June 19, 2019

This time I’m witting from the cock-pit, with the sun behind.  Antares is facing south and I am facing the trade winds, which are blowing, making the sound of an oboe.  We are not sailing though, we are on the hard.  Antares was hauled out yesterday morning.  The impact with the USO was not trivial after all. Water was slowly, very discretely, climbing the keel through sections of bare fiver glass.  Repairs will take a couple more days, at least, and I have run out of time. I have to be in Quito-Ecuador on the 21st to join my wife and daughters.  

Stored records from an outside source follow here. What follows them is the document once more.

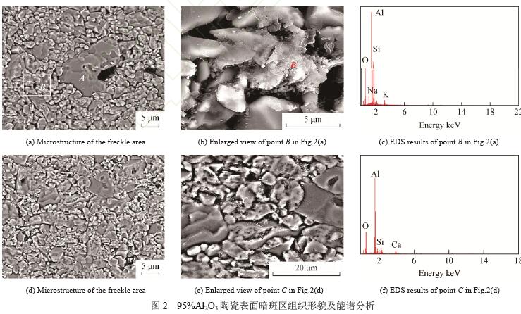綜上所述,暗斑區(qū)Si、Ca 含量的減少以及K、 Na 和Fe 的富集促進了Ca2Al2SiO7 和(Na,K)AlSi3O8 的 形成與析出。易顯色的Fe元素的富集對于95%氧化鋁陶瓷表面暗斑的產(chǎn)生起到了重要作用。
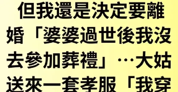 丈夫外遇「婆婆護著我」不肯接受小三! 但我還是決定要離婚「婆婆過世後我沒去參加葬禮」…大姑送來一套孝服「我穿上發現背上怪怪的~」伸手一摸淚崩
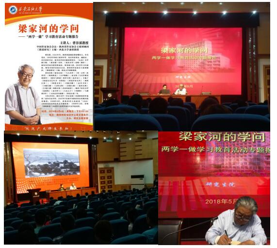 ——舉辦報(bào)告。5月4日下午,研究生院黨委邀請(qǐng)省作協(xié)主席團(tuán)顧問曹谷溪先生在雁塔校區(qū)為研究生院師生作了題為《梁家河的學(xué)問》的專題報(bào)告。研究生院黨委領(lǐng)導(dǎo)、全體學(xué)工干部和研究生代表300余人聆聽了報(bào)告。報(bào)告會(huì)上,曹老通過回顧習(xí)近平總書記在陜北黃土高原、在梁家河大隊(duì)創(chuàng)辦沼氣的知青歲月,闡述了習(xí)近平總書記青年時(shí)代矢志不渝的理想追求、愛國(guó)為民的家國(guó)情懷、勤奮好學(xué)的進(jìn)取精神、求真務(wù)實(shí)的良好作風(fēng)和吃苦耐勞的優(yōu)秀品質(zhì)。本次報(bào)告會(huì)旨在讓研究生牢記習(xí)近平總書記在北京大學(xué)師生座談會(huì)上愛國(guó)、勵(lì)志、求真、力行的諄諄囑托,反響熱烈。
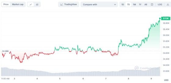 코인마켓캡에서 뉴욕시간 오전 비트코인은 24시간 전보다 4.8% 오른 3만7102 달러에 거래됐다.
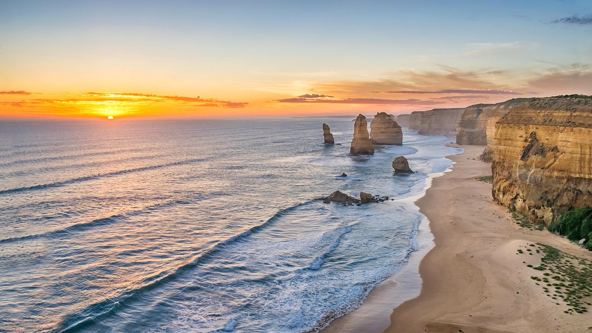 Mar azul, sol de puesta de sol y dos gaviotas solitariasMar azul, sol de puesta de sol y dos gaviotas solitarias
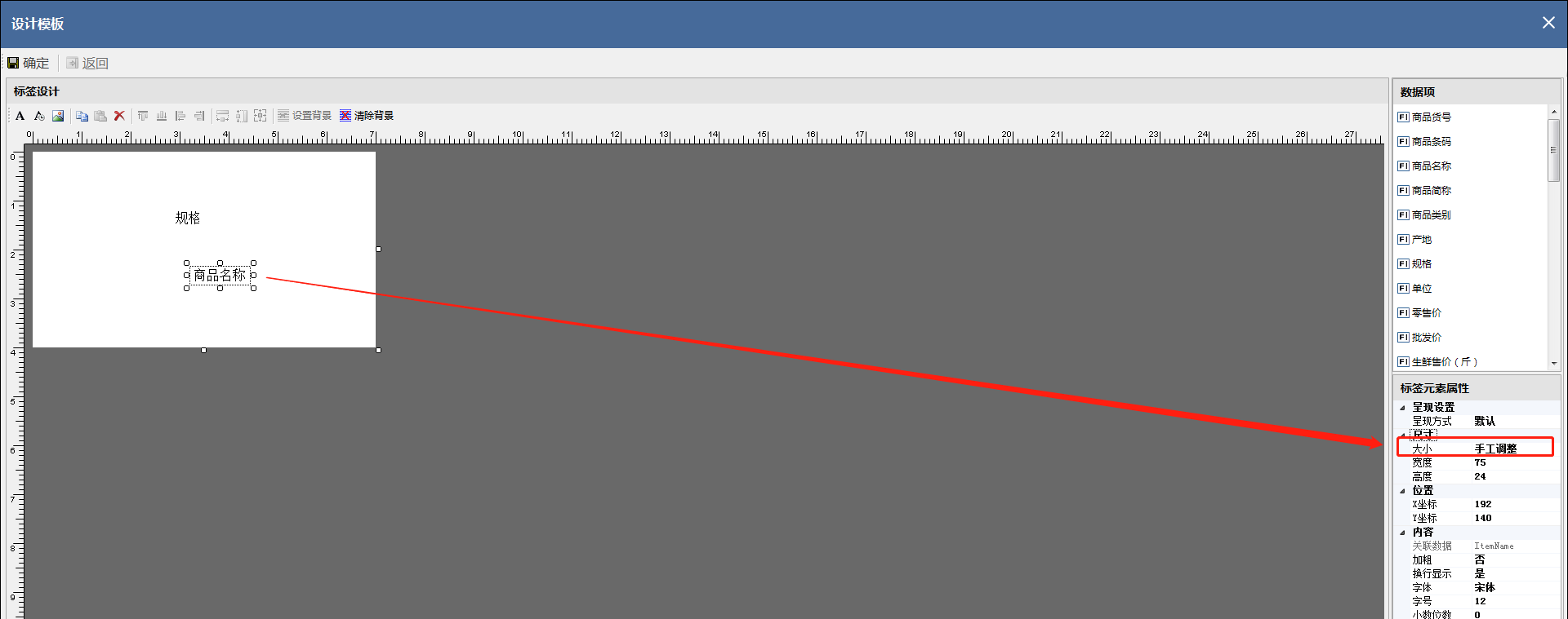 将模板里的商品名称框拉动竖向展示,并设置大小为手工计算,再打印预览
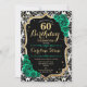 60º Convite de aniversário. Elegante design verde-esmeralda floral com ouro e rosas brilhantes falsos. Apresenta cor damasco preta e branca e fonte de script. Perfeito para uma comemoração de dia das mulheres na moda. Pode ser personalizado para qualquer idade! Impressos convites Zazzle ou modelo de impressão digital instantânea para download.

l feel discouraged and frustrated.  Maybe if I had taken a different, more direct, route I wouldn’t be in this situation.  I wrote to Webb Chiles seeking words of wisdom and some consolation.  He just finished a grueling passage from Panama to San Diego, and I was unable to execute this one, much shorter, as planned.  He answered, but didn’t try to comfort me:

“When asked before a passage what I am going to do, I always respond that I am going to do what the wind lets me do. I don’t know whether I would have gone north or south of Puerto Rico.  I probably would have gone north if the wind let me, but either way a boat was going to be beating to windward much of the way.  I am in Evanston now, but looking forward to being back on GANNET week after next, even though I will be painting more than sailing.  Still I’ll be on the water.”

I guess I could have done things differently and a better, more daring, sailor would be approaching Grenada by now.  But I’m not giving up.  Will be back here on July 28th and continue the trip, if the wind let’s me…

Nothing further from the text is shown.